Соломон вдруг понял, что в этом мире, куда его выдернула непонятная сила, Энглин был молодым мужчиной лет двадцати с лишним. Лицо, чьи углы вдруг заострились, взгляд, манера держать голову…

- С ума сошел? – холодно спросило его Энглин, разглядывая исподлобья.

- Что… В чем…

- Идиот. Ты чуть не вышиб себе мозги. В моей квартире. Мне кажется, ты ужасный эгоист. Ладно, о себе не думаешь, пусть. Но подумал бы обо мне. Ты представляешь себе, сколько времени у меня ушло бы, чтоб очистить комнату от содержимого твоей головы?

- Да, в ней сейчас… слишком много содержимого, - пробормотал Соломон, чувствуя, как ноги превращаются в быстро тающие свечные огарки, - Мне тоже так всегда казалось. Я… Что произошло?

Энглин наклонилось и достало из-под стола револьвер. Привычно взвесило в руке. Почему-то Соломону показалось, что с этим предметом оно управляться умеет.
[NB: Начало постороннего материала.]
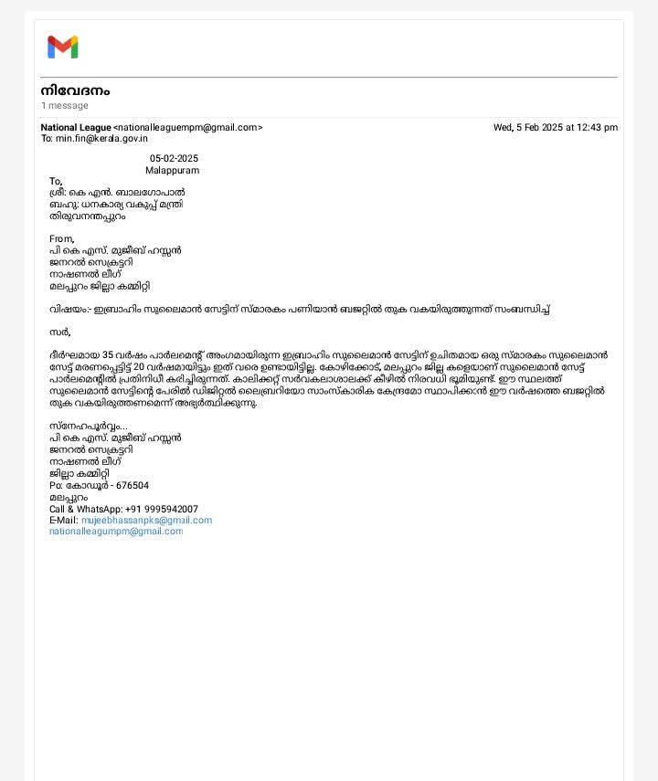 മലപ്പുറം: ദീർഘമായ 35 വർഷം പാർലമെന്റ് അംഗവും നാഷണൽ ലീഗ് സ്ഥാപക പ്രസിഡന്റുമായിരുന്ന ഇബ്രാഹിം സുലൈമാൻ സേട്ടിന് ഉചിതമായ സ്മാരകം പണിയാൻ ഈ വർഷത്തെ ബജറ്റിൽ ഫണ്ട് വകയിരുത്തണമെന്ന് നാഷണൽ ലീഗ് ജില്ലാ ജനറൽ സെക്രട്ടറി പി കെ എസ്. മുജീബ് ഹസ്സൻ ധനകാര്യ മന്ത്രി കെ എൻ. ബാലഗോപാലിന് സമർപ്പിച്ച നിവേദനത്തിൽ അഭ്യർത്ഥിച്ചു.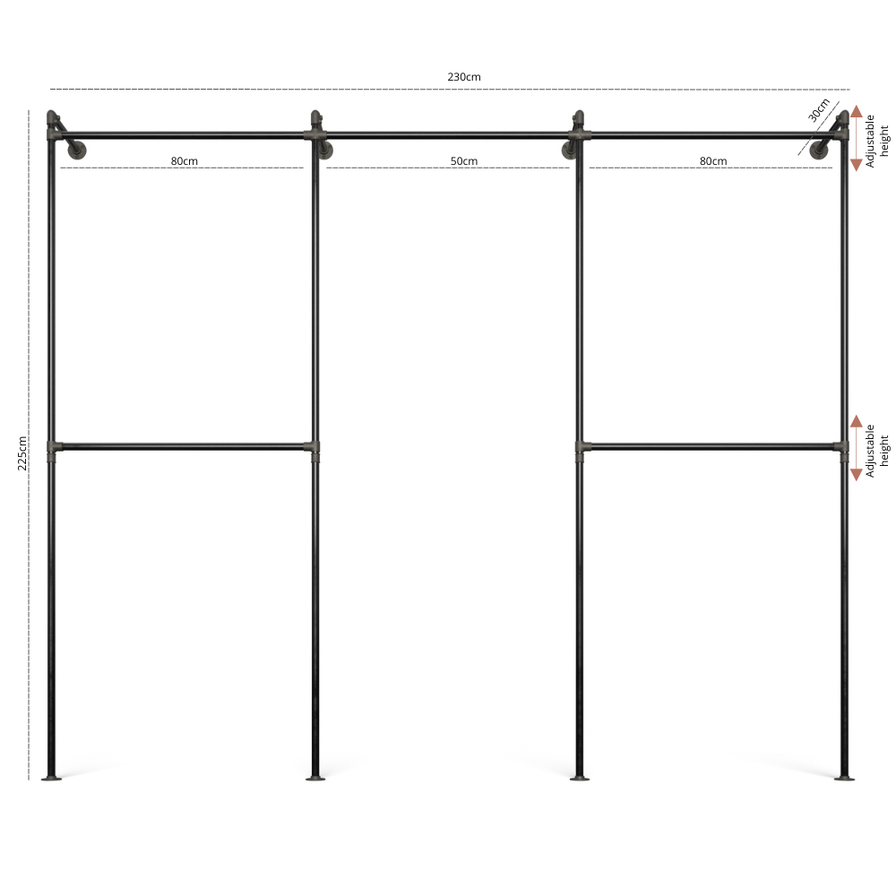 Als u bijvoorbeeld 80 cm/80 cm/80 cm kiest, is het kledingrek ongeveer. 260 cm breed.

Хотя еще получасом ранее Энглин крутило оружие в руках так, словно впервые взяло его.

- Ты сидел с этой штукой у виска. И успел взвести курок. Не швырни я в тебя чашкой, сейчас уже лежал бы в углу.

- Я не делал этого, - попытался возразить он.

Ведь не делал. Просто смотрел в окно, чувствуя, как во всем теле собираются затхлые лужицы усталости, как в ржавом трюме давно плывущего корабля, думал о чем-то приятном, был почти счастлив… Рассвет…

- Транс, - пояснило Энглин, коротким отработанным движением пряча револьвер за пояс, - Так обычно и бывает. Твой поезд разогревает двигатели. Понял, нет? Или еще намекнуть?

- Бомба? Ты имеешь в виду, меня только что чуть не ухлопала нейро-бомба? Так она и работает?

- Да. И, судя по всему, она почти сработала.

- Но я еще жив. Значит, не сработала.

Энглин фыркнуло. Не по-детски, как прежде, а с ледяной презрительностью взрослого и уставшего человека. Давно уже не ребенка. Может, даже старика…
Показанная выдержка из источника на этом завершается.